*** Exercise inputs ***
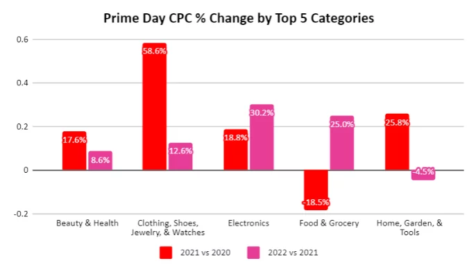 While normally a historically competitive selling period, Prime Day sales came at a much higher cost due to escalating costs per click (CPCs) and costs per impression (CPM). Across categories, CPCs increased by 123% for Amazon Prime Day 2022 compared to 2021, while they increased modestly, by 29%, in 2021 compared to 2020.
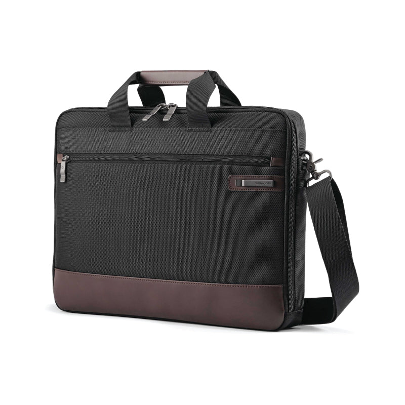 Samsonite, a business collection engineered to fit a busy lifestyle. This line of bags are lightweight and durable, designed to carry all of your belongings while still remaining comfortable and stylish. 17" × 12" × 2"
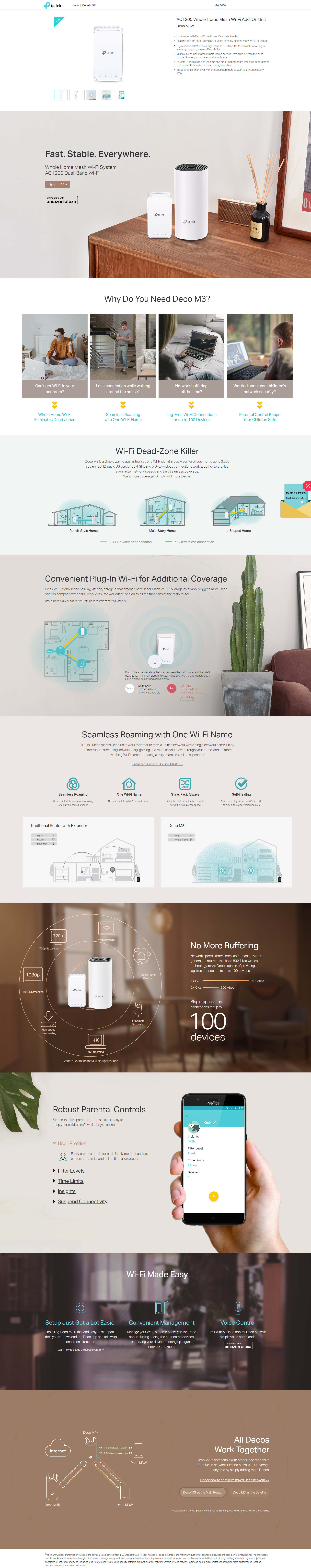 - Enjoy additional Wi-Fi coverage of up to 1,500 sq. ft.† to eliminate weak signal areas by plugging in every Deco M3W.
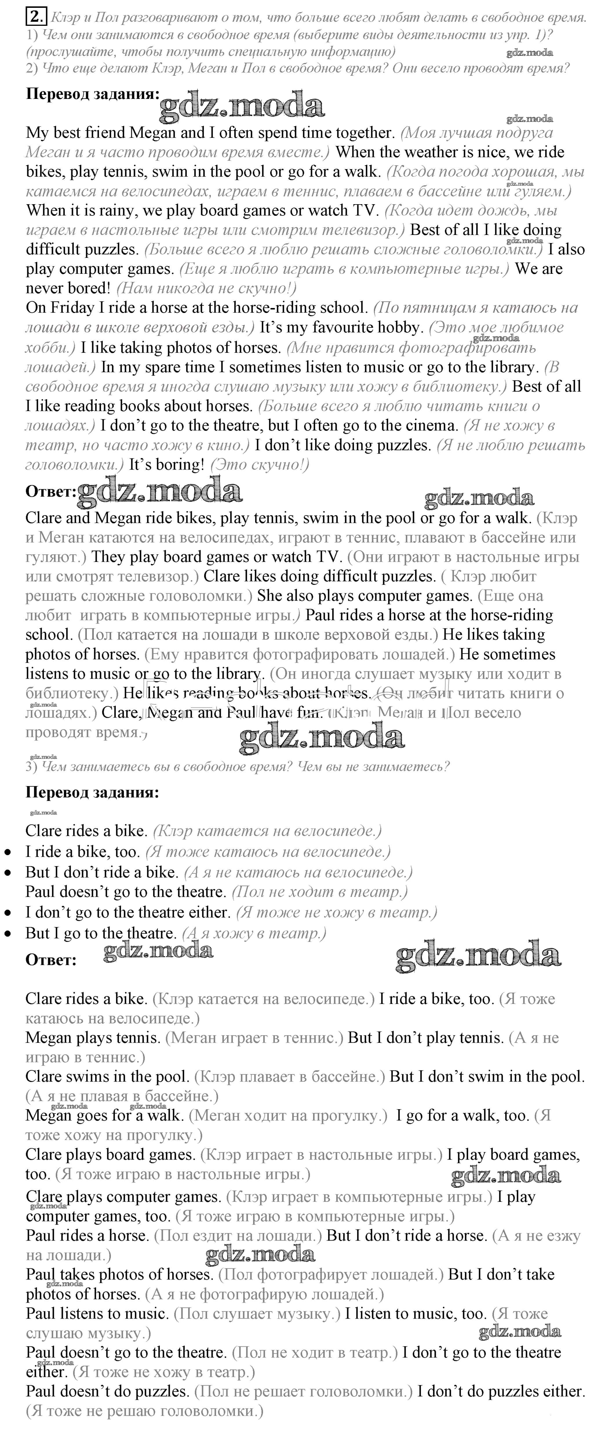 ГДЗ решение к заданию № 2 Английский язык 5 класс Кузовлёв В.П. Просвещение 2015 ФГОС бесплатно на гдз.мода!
*** End of Exercise inputs ***
*** Exercise inputs ***
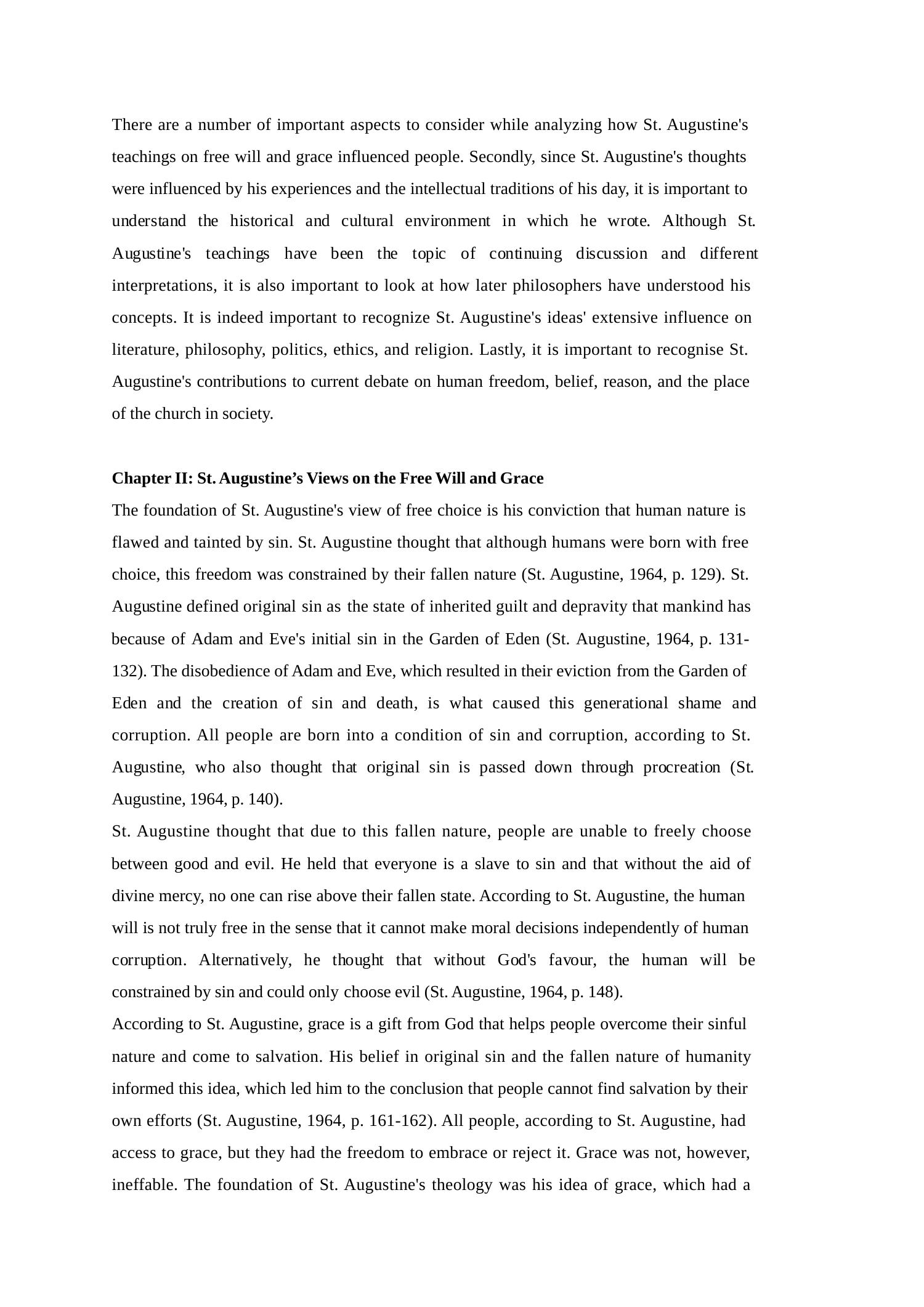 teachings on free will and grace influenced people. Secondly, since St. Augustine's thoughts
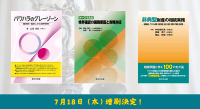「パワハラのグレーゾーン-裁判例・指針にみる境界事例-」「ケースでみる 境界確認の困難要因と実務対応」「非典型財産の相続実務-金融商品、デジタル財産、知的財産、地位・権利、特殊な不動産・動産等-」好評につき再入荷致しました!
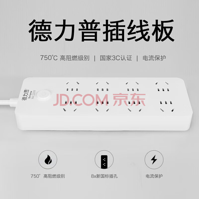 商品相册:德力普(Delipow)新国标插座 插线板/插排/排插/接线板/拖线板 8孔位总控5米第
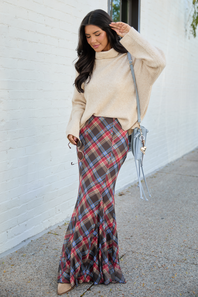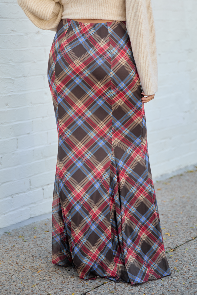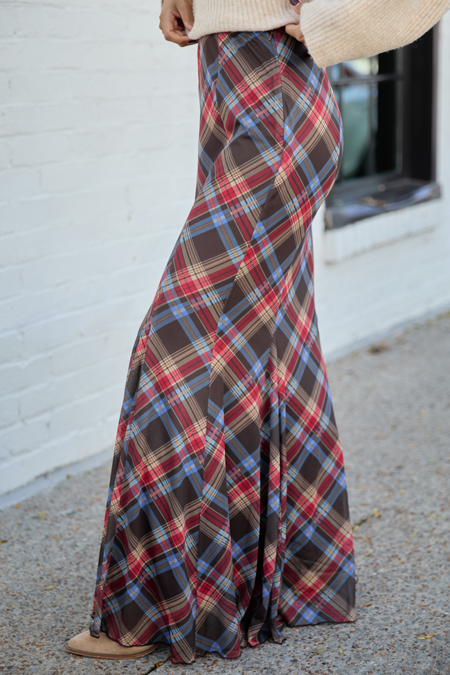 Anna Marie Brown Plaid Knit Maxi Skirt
*** End of Exercise inputs ***
*** Exercise inputs ***
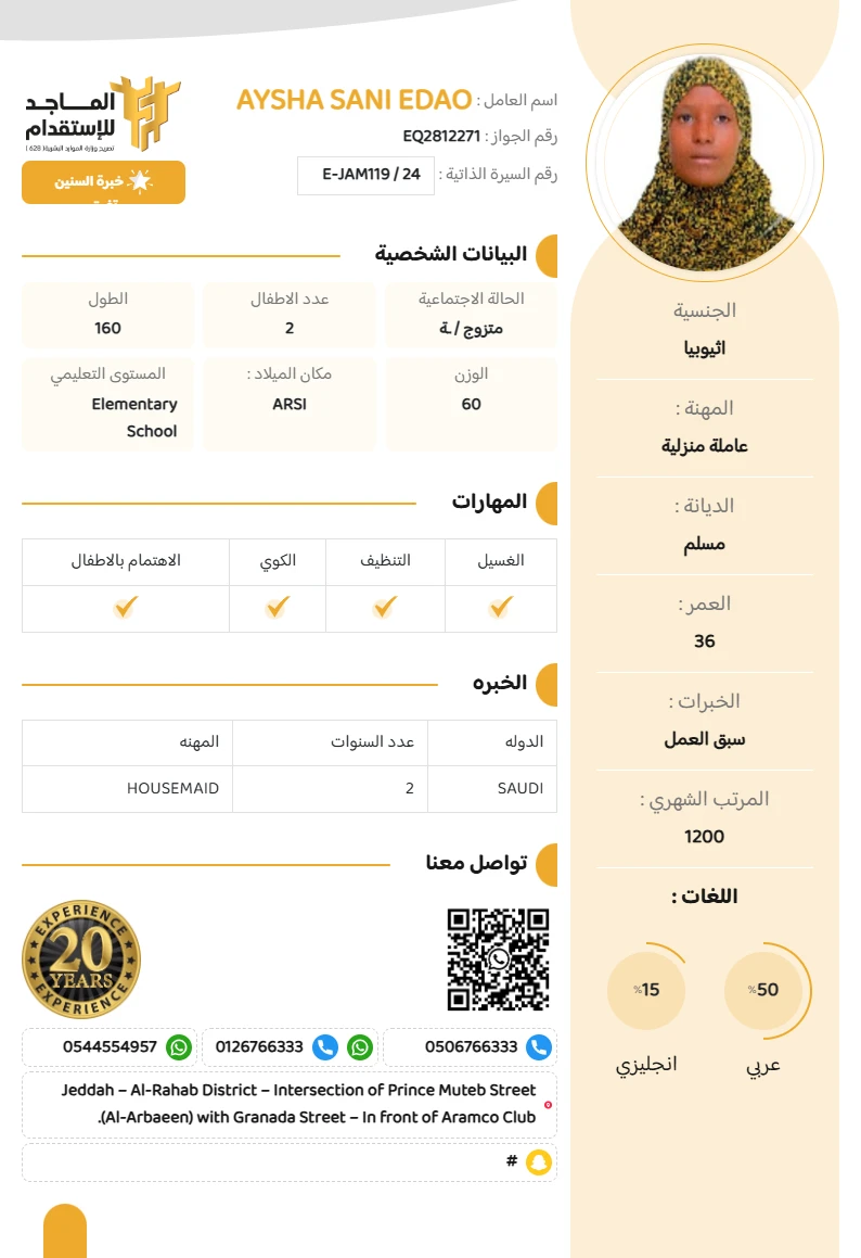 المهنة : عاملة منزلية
*** End of Exercise inputs ***
Using the listing above, reproduce word for word every line from the one containing "Samsonite, a business" through the one containing "ГДЗ решение к". Pictures must be left out.

 Samsonite, a business collection engineered to fit a busy lifestyle. This line of bags are lightweight and durable, designed to carry all of your belongings while still remaining comfortable and stylish. 17" × 12" × 2"
 - Enjoy additional Wi-Fi coverage of up to 1,500 sq. ft.† to eliminate weak signal areas by plugging in every Deco M3W.
 ГДЗ решение к заданию № 2 Английский язык 5 класс Кузовлёв В.П. Просвещение 2015 ФГОС бесплатно на гдз.мода!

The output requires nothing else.